The party took place on August 14 and 15, 2021 for its 15th year. Live music, drinks, and period based activities will be live during the event. Throughout the weekend, you could participate in Croquet, dance the Peabody and Charleston to Michael Arenella and the Dreamland Orchestra followed by other musicians. A motor car exhibition showed off the 1920s antique cars accompanied with games, prizes, and booths selling period based clothing and accessories. COVID-19 restriction consists of proof of the COVID-19 vaccine as well as a negative COVID-19 test that matches their legal ID. Hand sanitizer was accessible throughout the event.

===2022===

The 16th annual event took place on June 11 and 12 of 2022. General admission tickets sold out quickly, at $50 to $60 a person on the Fever app. Performers such as Queen Esther, Michael Arenella and his Dreamland Orchestra were a part of the event. As well as motorcars and dance lessons.

===2023===

The 19th annual event took place at Governors island in 2023, as the community began to grow, so did the activities.
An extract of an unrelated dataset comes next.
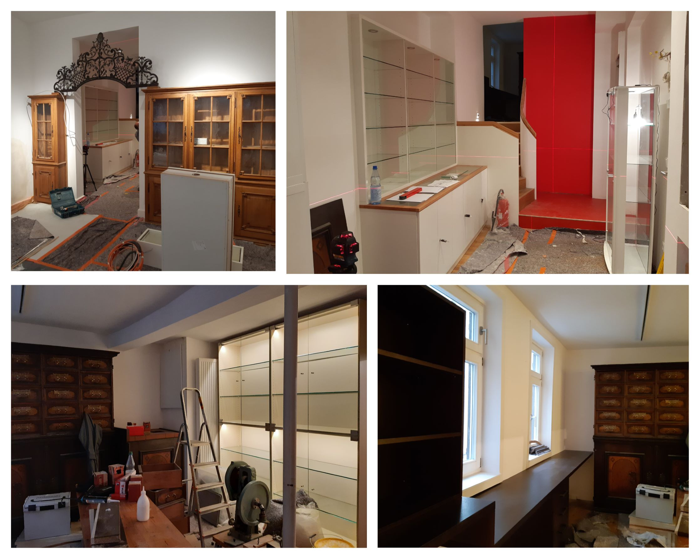 Dabei werden die verschiedenen Regale und Vitrinen aufgebaut sowie die Technik installiert. Anschließend kommt noch die neue Theke in den Verkaufsraum, bevor dann die Exponate aufgestellt und mit Erklärungen ausgezeichnet werden. Bis zur Eröffnung des Museums im Frühjahr 2021 ist dann alles fertig.

Tintypes and pie contests happened during this event. The New York Times attended and began asking people if they could go back in time would they. Many said they love the dress and life but wouldn't want the world to go back to that time.

===2024===

The 2024 party happened on June 8–9 and August 10–11, 2024 from 11a.m - 5 p.m, the entertainment included Michael Arenella & His Dreamland Orchestra, Ziegfeld, Peter Mintun on the piano, Gelber & Manning band, Ziegfeld, with dancers Roddy Caravella and The Canarsie Wobblers showing the Charleston. Special events through the weekends involved the Children's Parade starting at the main stage Sunday at 3 p.m, the Bathing Beauties and Beaus Promenade, The High Court Pie eating contest on Sunday, a Charleston lesson with Roddy Caravella followed by a contest on Saturday, and a Peabody dance lesson hosted on Sunday.